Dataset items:
--------------------------------------------------
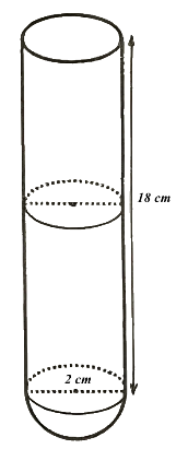 2) Một ống nghiệm gồm phần thân là hình trụ có chiều cao 18 cm và đáy là nửa hình cầu có đường kính 2 cm (tham khảo hình bên). Để tiến hành thí nghiệm đảm bảo an toàn, người ta khuyến cáo lượng hoá chất không được vượt quá một nửa phần thân ống nghiệm (kết quả mỗi ý sau làm tròn đến hàng phần mười, đơn vị là cm3 lấy $\pi = 3,14$)
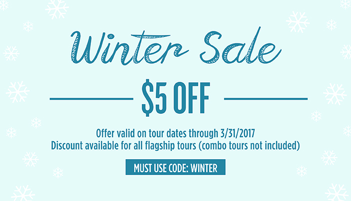 Must use code WINTER during the purchase process. Offer valid on travel/tour dates through March 31, 2017.
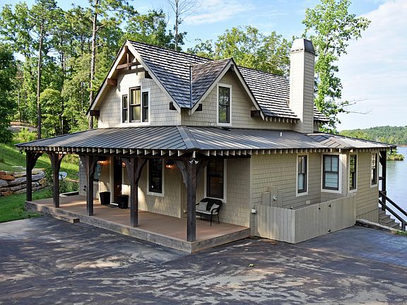 Many of residential designer Mitch Ginn's plans have been featured throughout the years in Southern Living Magazine & Southern Living House Plans Magazine. We can see why! This ''Cove Cottage'' plan was loaded with charm, and perfect in so many ways with 2 spacious bedrooms and baths on each floor, an extra day room/bunk room on the main level, and an architectually delightful loft overlooking the main level greatroom. The lower level offers an additional greatroom for guests, and a well-appointed kitchen. The wide lakeside porches are ideal for entertaining and relaxing. The lot offers a flat lawn at the lakeside, few steps from home to water, gorgeous long-range, eastern water views, and good water depth at the dock. Ridge residents enjoy full use of The Ridge amenities including The
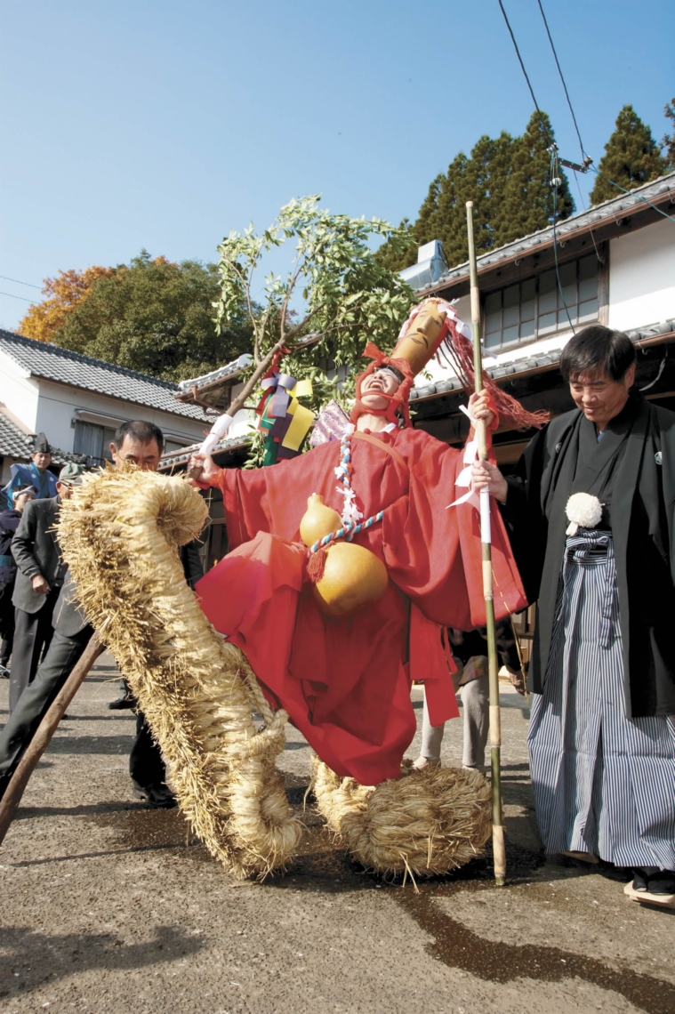「よいしょ」「よいしょ」「ひょうたん様のお通りだ!」―柴山八幡社(豊後大野市千歳町)の霜月祭は、一般に「ひょうたん祭り」と呼ばれる。祭礼では、古武士の行列を擬した一行が里へと繰り出して行くが、その先導をするのがひょうたん様。 その姿が...
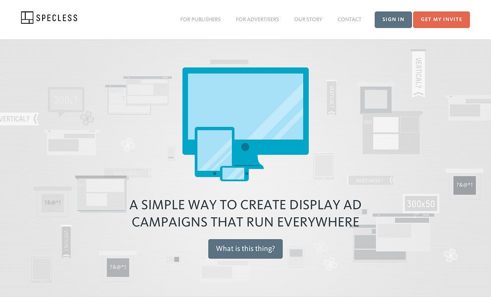 Specless takes the tedium out of multi-device campaigns. Our platform takes your existing ad creative and makes it responsive so it’ll look perfect on every screen. A Specless ad can run in any ad slot on any device with the ad intelligently resizing and optimizing to the device it is being viewed on.
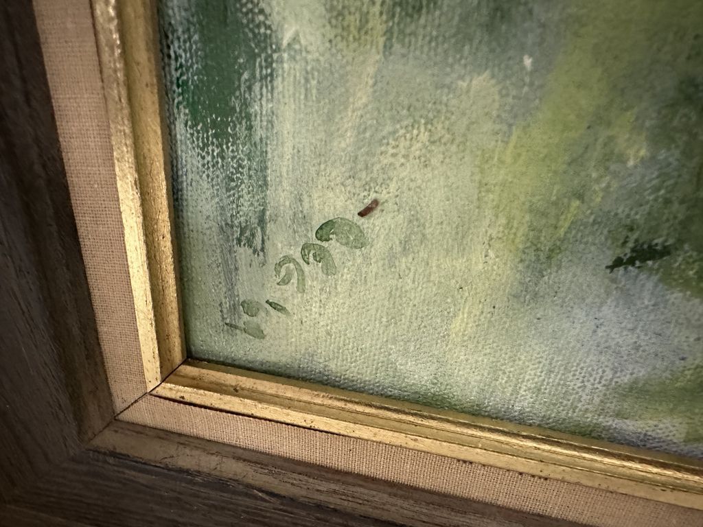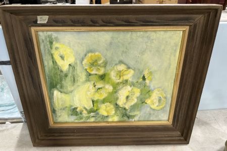 Painting of Flowers Signed, on canvas, 23"h., 26"w, Location Front Wood Shelves Painting of Flowers Signed, on canvas, 23"h., 26"w, Location Front Wood Shelves
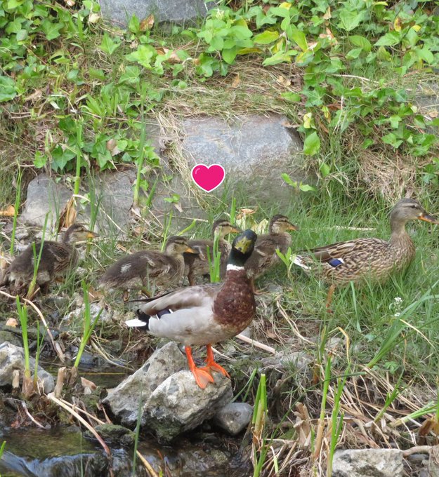お父さんカモが立っている石の下が
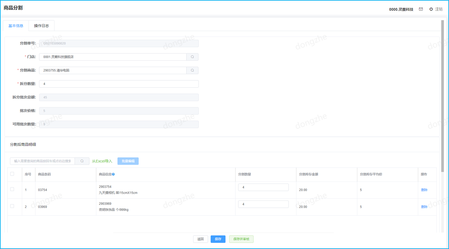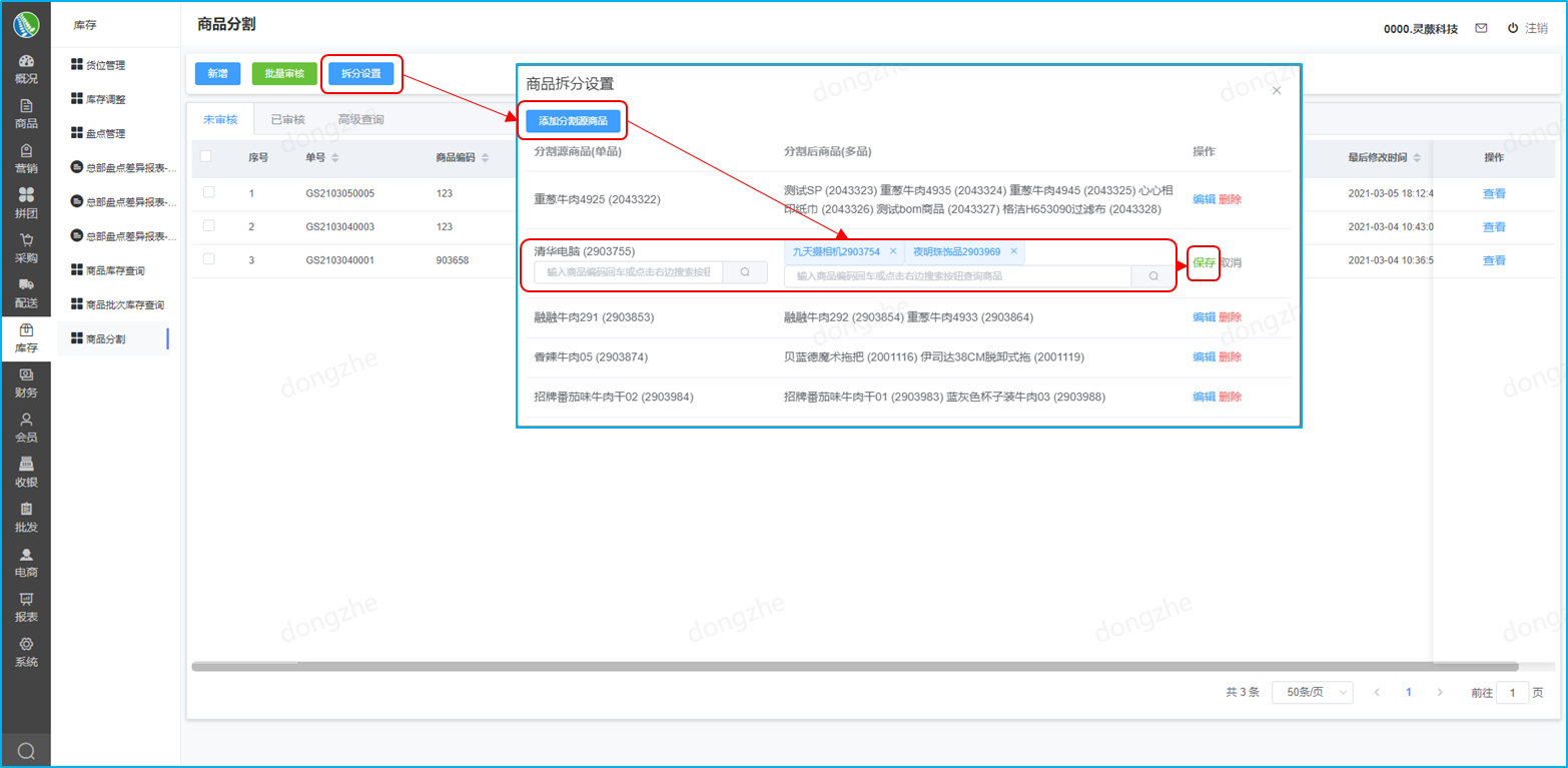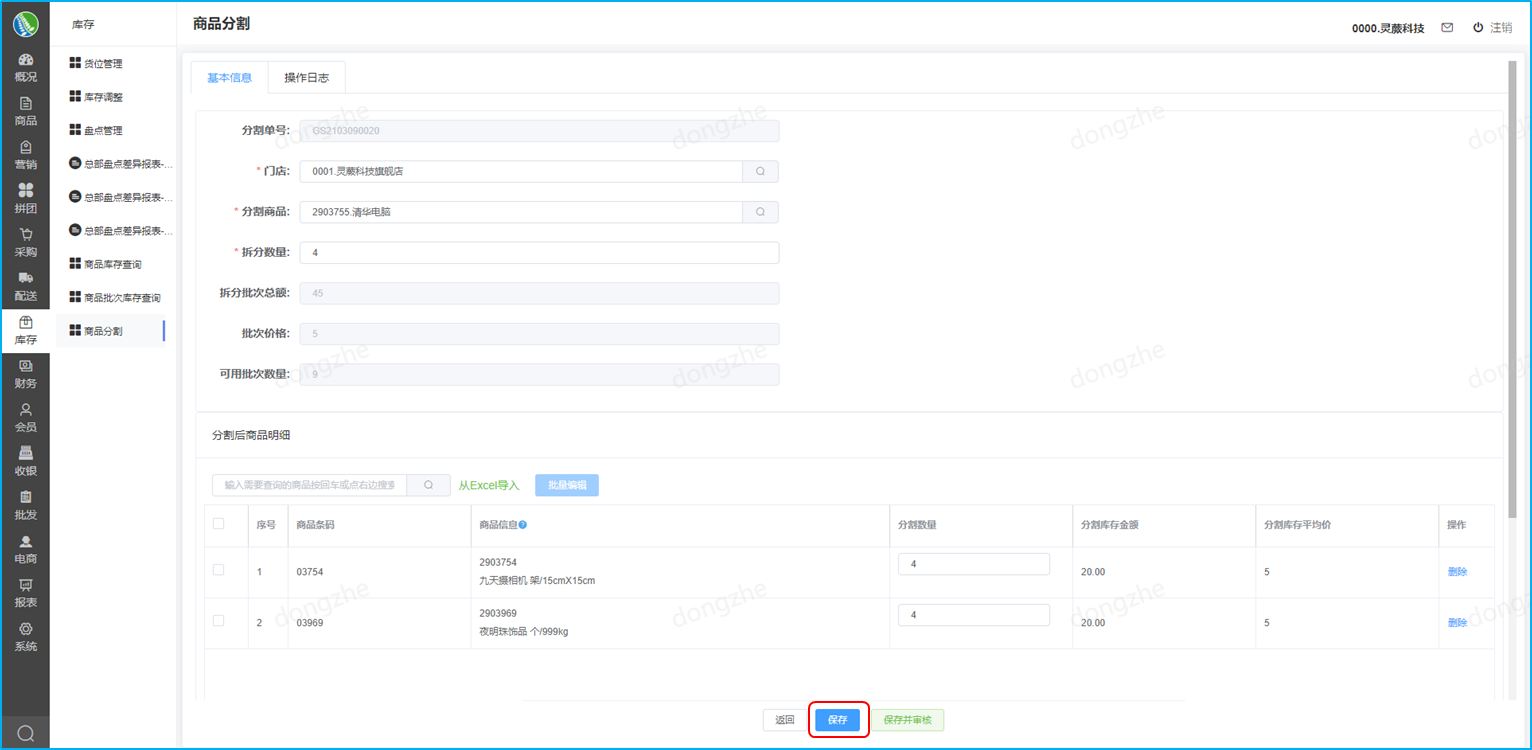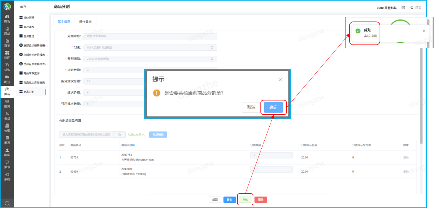 ## 商品分割-功能介绍 将一个商品的库存分割到多个指定商品,原商品库存扣减批次,指定商品按分割数量增加批次。  ### 功能路径 零售门店->库存->商品分割 ### 操作流程-进行商品分割拆分设置 1.点击拆分设置,弹出商品拆分设置弹窗。 2.点击添加分割源商品,选择分割源商品和分割后商品。 3.点击保存。  ### 操作流程-新增商品分割单 1.填写基本信息,选择分割后商品。 2.点击保存。  3.保存成功,点击审核。 4.弹出是否审核弹窗,点击确定。 5.审核成功。  ### 操作流程-查看商品库存是否正确 1. 库存->商品库存查询中通过查询条件查看已进行商品分割的商品库存。  ### 名词解释 门店:指要进行商品分割的商品所属门店。 分割商品:指要进行商品分割的原商品。 拆分数量:指进行商品分割的原商品将要扣减的库存数量。
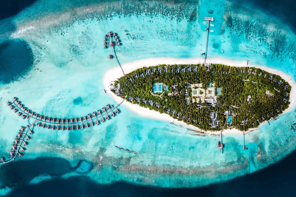- Medium island; ~100–120 villas (beach & overwater; pool villas). Spacious villa plots.
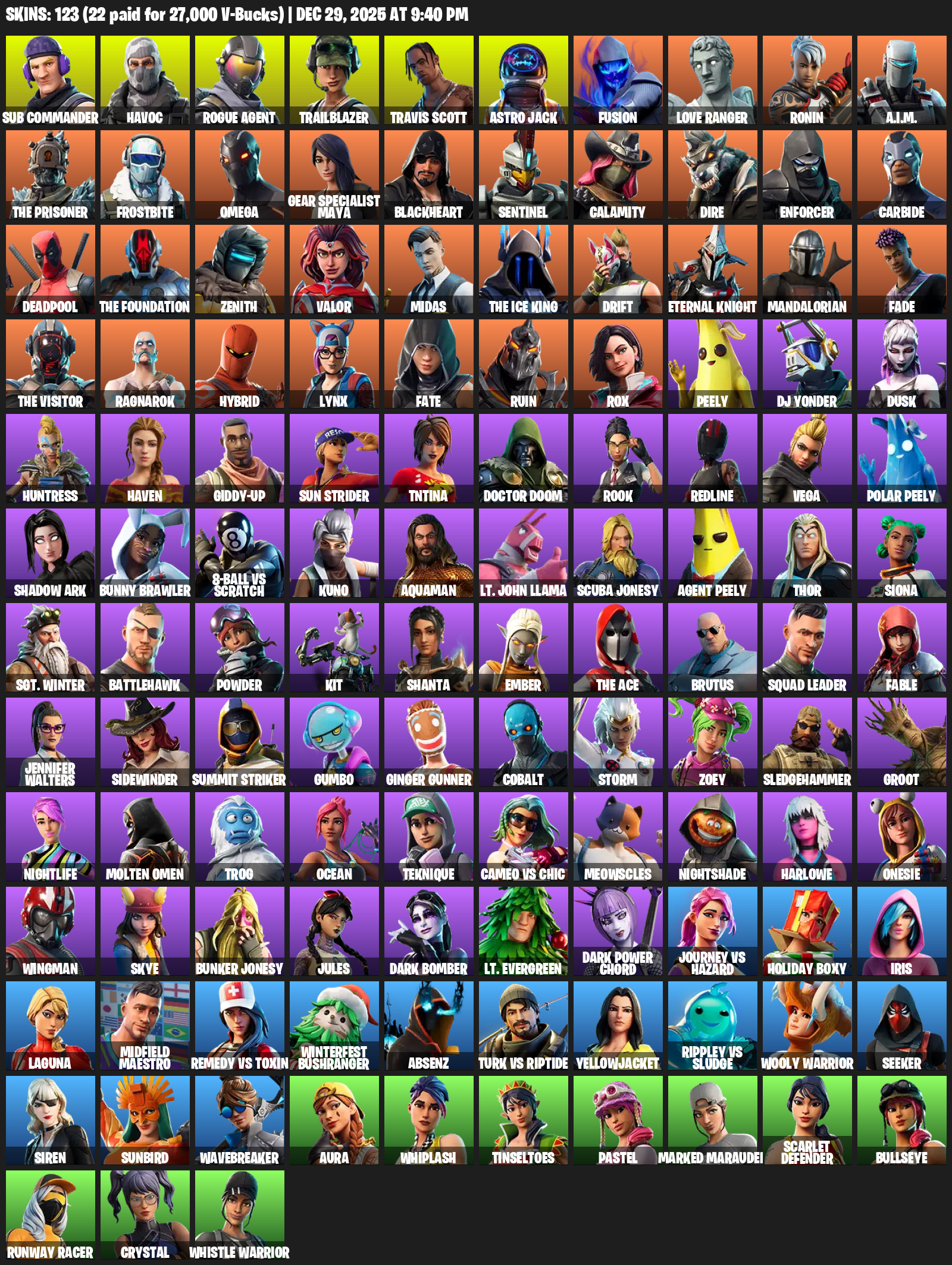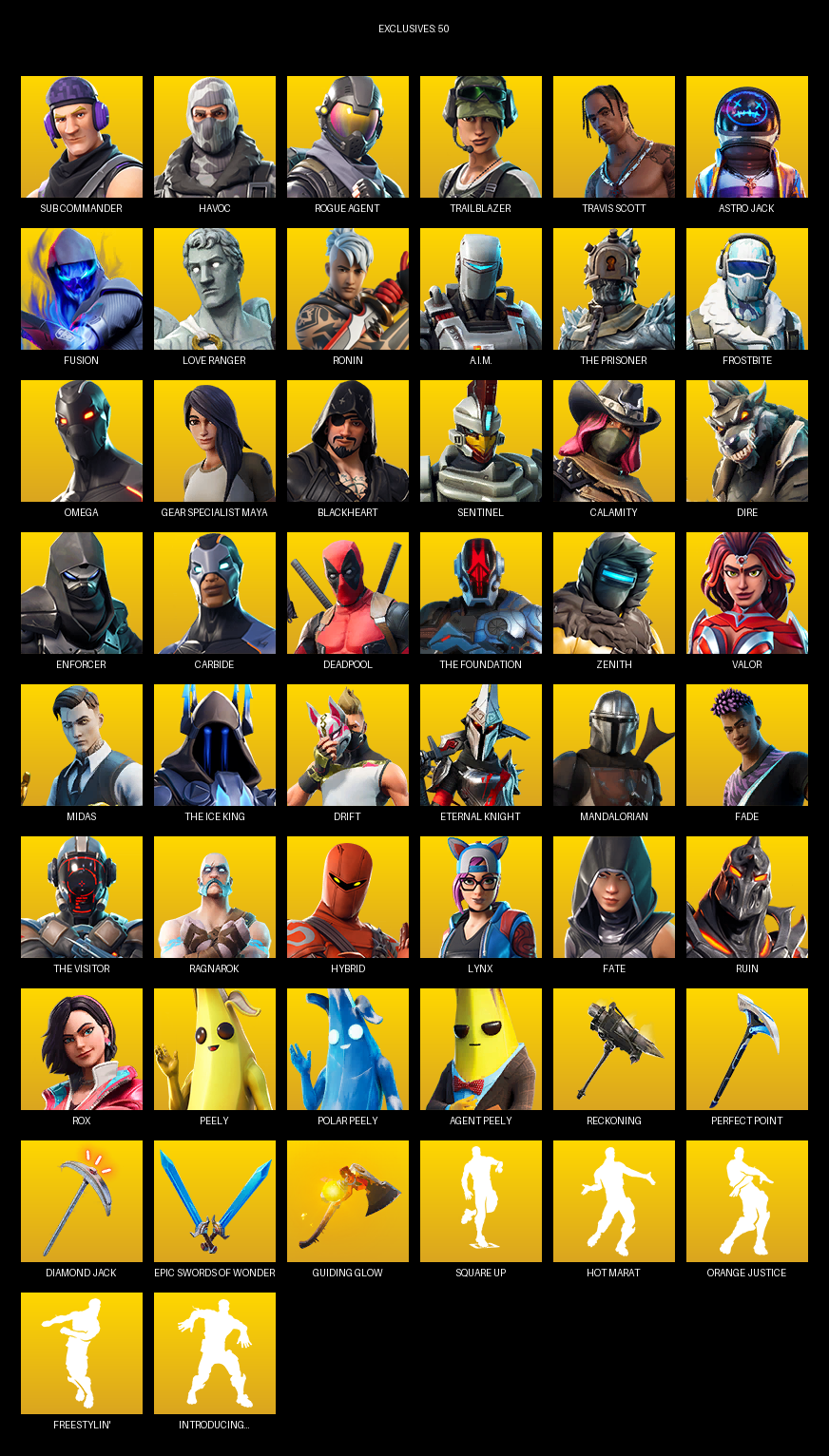 Travis Scott, Omega, Gear Specialist Maya, Sub Commander, Havoc, Rogue Agent, Trailblazer, Astro Jack, Fusion, Love Ranger, Ronin, A.I.M., The Prisoner, Frostbite, Blackheart, Sentinel, Calamity, Dire, Enforcer, Carbide
--------------------------------------------------
ASSIGNMENT
Write out every record exactly. Leave the pictures out.

WORKED SOLUTION
 2) Một ống nghiệm gồm phần thân là hình trụ có chiều cao 18 cm và đáy là nửa hình cầu có đường kính 2 cm (tham khảo hình bên). Để tiến hành thí nghiệm đảm bảo an toàn, người ta khuyến cáo lượng hoá chất không được vượt quá một nửa phần thân ống nghiệm (kết quả mỗi ý sau làm tròn đến hàng phần mười, đơn vị là cm3 lấy $\pi = 3,14$)
 Must use code WINTER during the purchase process. Offer valid on travel/tour dates through March 31, 2017.
 Many of residential designer Mitch Ginn's plans have been featured throughout the years in Southern Living Magazine & Southern Living House Plans Magazine. We can see why! This ''Cove Cottage'' plan was loaded with charm, and perfect in so many ways with 2 spacious bedrooms and baths on each floor, an extra day room/bunk room on the main level, and an architectually delightful loft overlooking the main level greatroom. The lower level offers an additional greatroom for guests, and a well-appointed kitchen. The wide lakeside porches are ideal for entertaining and relaxing. The lot offers a flat lawn at the lakeside, few steps from home to water, gorgeous long-range, eastern water views, and good water depth at the dock. Ridge residents enjoy full use of The Ridge amenities including The
「よいしょ」「よいしょ」「ひょうたん様のお通りだ!」―柴山八幡社(豊後大野市千歳町)の霜月祭は、一般に「ひょうたん祭り」と呼ばれる。祭礼では、古武士の行列を擬した一行が里へと繰り出して行くが、その先導をするのがひょうたん様。 その姿が...
 Specless takes the tedium out of multi-device campaigns. Our platform takes your existing ad creative and makes it responsive so it’ll look perfect on every screen. A Specless ad can run in any ad slot on any device with the ad intelligently resizing and optimizing to the device it is being viewed on.
 Painting of Flowers Signed, on canvas, 23"h., 26"w, Location Front Wood Shelves Painting of Flowers Signed, on canvas, 23"h., 26"w, Location Front Wood Shelves
お父さんカモが立っている石の下が
 ## 商品分割-功能介绍 将一个商品的库存分割到多个指定商品,原商品库存扣减批次,指定商品按分割数量增加批次。  ### 功能路径 零售门店->库存->商品分割 ### 操作流程-进行商品分割拆分设置 1.点击拆分设置,弹出商品拆分设置弹窗。 2.点击添加分割源商品,选择分割源商品和分割后商品。 3.点击保存。  ### 操作流程-新增商品分割单 1.填写基本信息,选择分割后商品。 2.点击保存。  3.保存成功,点击审核。 4.弹出是否审核弹窗,点击确定。 5.审核成功。  ### 操作流程-查看商品库存是否正确 1. 库存->商品库存查询中通过查询条件查看已进行商品分割的商品库存。  ### 名词解释 门店:指要进行商品分割的商品所属门店。 分割商品:指要进行商品分割的原商品。 拆分数量:指进行商品分割的原商品将要扣减的库存数量。
- Medium island; ~100–120 villas (beach & overwater; pool villas). Spacious villa plots.
 Travis Scott, Omega, Gear Specialist Maya, Sub Commander, Havoc, Rogue Agent, Trailblazer, Astro Jack, Fusion, Love Ranger, Ronin, A.I.M., The Prisoner, Frostbite, Blackheart, Sentinel, Calamity, Dire, Enforcer, Carbide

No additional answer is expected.